To deploy the model, use the following `vllm serve` command:

```bash
vllm serve inclusionAI/Qwen3-32B-AWorld \
--rope-scaling '{"rope_type":"yarn","factor":4.0,"original_max_position_embeddings":32768}' \
--max-model-len 131072 \
--gpu-memory-utilization 0.85 \
--dtype bfloat16 \
--tensor-parallel-size 8 \
--enable-auto-tool-choice \
--tool-call-parser hermes
```

**Key Configuration:**

*   **Deployment Recommendation:** We recommend deploying the model on **8 GPUs** to enhance concurrency. The `tensor-parallel-size` argument should be set to the number of GPUs you are using (e.g., `8` in the command above).
*   **Tool Usage Flags:** To enable the model's tool-calling capabilities, it is crucial to include the `--enable-auto-tool-choice` and `--tool-call-parser hermes` flags. These ensure that the model can correctly process tool calls and parse the results.

### Making Inference Calls

When making an inference request, you must include the `tools` you want the model to use. The format should follow the official OpenAI API specification.
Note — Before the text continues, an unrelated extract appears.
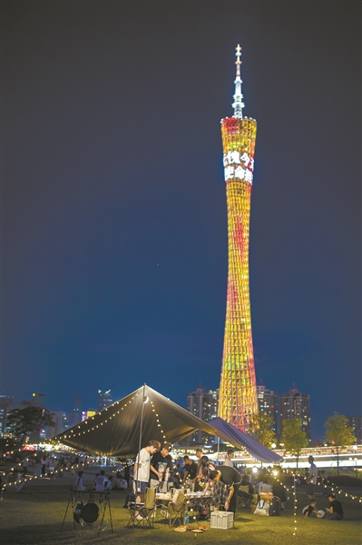 年轻人聚集在广州塔下露营。广州日报全媒体记者陈忧子 摄

Here is a complete Python example for making an API call to the deployed model using the requests library. This example demonstrates how to query the model with a specific tool.

```python
import requests
import json

# Define the tools available for the model to use
tools = [
    {
      "type": "function",
      "function": {
        "name": "mcp__google-search__search",
        "description": "Perform a web search query",
        "parameters": {
          "type": "object",
          "properties": {
            "query": {
              "description": "Search query",
              "type": "string"
            },
            "num": {
              "description": "Number of results (1-10)",
              "type": "number"
            }
          },
          "required": [
            "query"
          ]
        }
      }
    }
]

# Define the user's prompt
messages = [
    {
        "role": "user", 
        "content": "Search for hangzhou's weather today."
    }
]

# Set generation parameters
temperature = 0.6
top_p = 0.95
top_k = 20
min_p = 0

# Prepare the request payload
data = {
    "messages": messages,
    "tools": tools,
    "temperature": temperature,
    "top_p": top_p,
    "top_k": top_k,
    "min_p": min_p,
}

# The endpoint for the vLLM OpenAI-compatible server
# Replace {your_ip} and {your_port} with the actual IP address and port of your server.
url = "http://{your_ip}:{your_port}/v1/chat/completions"

# Send the POST request
response = requests.post(
    url,
    headers={"Content-Type": "application/json"},
    data=json.dumps(data)
)

# Print the response from the server
print("Status Code:", response.status_code)
print("Response Body:", response.text)

```

**Note:**

*   Remember to replace `{your_ip}` and `{your_port}` in the `url` variable with the actual IP address and port where your vLLM server is running. The default port is typically `8000`.